Juicy, chewy, and meaty homemade vegan burger patties made with beets, lentils, and vital wheat gluten. Holds up perfectly on the grill! Make ahead and freeze for easy meals.
Prep Time: 20 mins | Cook Time: 25 mins (steam) + 5 mins (grill) | Total Time: ~1 hr + overnight chill Servings: 6 patties
Ingredients
- 1 medium raw beetroot, peeled and roughly chopped
- 400g cooked green or brown lentils (canned, drained)
- 3 tbsp soy sauce
- 2 tbsp peanut butter
- 1 tsp liquid smoke
- 1 tsp smoked paprika
- 1 tsp onion powder
- 1 tsp garlic powder
- ½ tsp ginger powder
- ¼ tsp black pepper
- 3 tbsp water or lentil liquid from can
- 200g vital wheat gluten
To serve:
- 6 burger buns, lettuce, tomato, onion, pickles, and vegan condiments
Instructions
- Add beetroot, lentils, soy sauce, peanut butter, liquid smoke, smoked paprika, onion powder, garlic powder, ginger powder, pepper, and water to a food processor. Pulse until smooth, scraping down the sides as needed.
- Add half the vital wheat gluten and pulse to combine. Add remaining half and pulse until a crumbly dough forms. Do not over-process.
- Transfer dough to a clean surface and knead gently for about 30 seconds until it holds together and bands of gluten are visible. Do not over-knead.
- Divide dough into 6 equal portions and shape into burger patties, pressing them slightly flatter than desired (they puff up during steaming).

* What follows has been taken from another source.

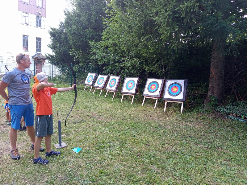 Om onze vakantie sportief af te sluiten deden wij in het dorpscentrum aan de rand van de rivier de Doron een boogschietworkshop. Onder leiding van een (je leest het goed!) alweer een Engelssprekende instructeur.

- Steam patties in a single layer over boiling water for 25 minutes. Work in batches to avoid stacking.
- Cool to room temperature, then refrigerate for at least 1 hour (ideally overnight) for best texture.
- Heat a grill or frying pan over medium-high heat with a little oil. Cook patties for 2–3 minutes per side until well browned. Serve in buns with toppings.
Notes
- Vital wheat gluten is essential — there is no substitute. Cannot be made gluten-free.
- Do not over-knead the dough or burgers will become tough and rubbery.
- Freeze steamed patties for up to 3 months. Thaw overnight before cooking.
- The beet adds earthiness and moisture without a dominant beet flavour.
- Vital wheat gluten is very sticky — use old rags for clean-up.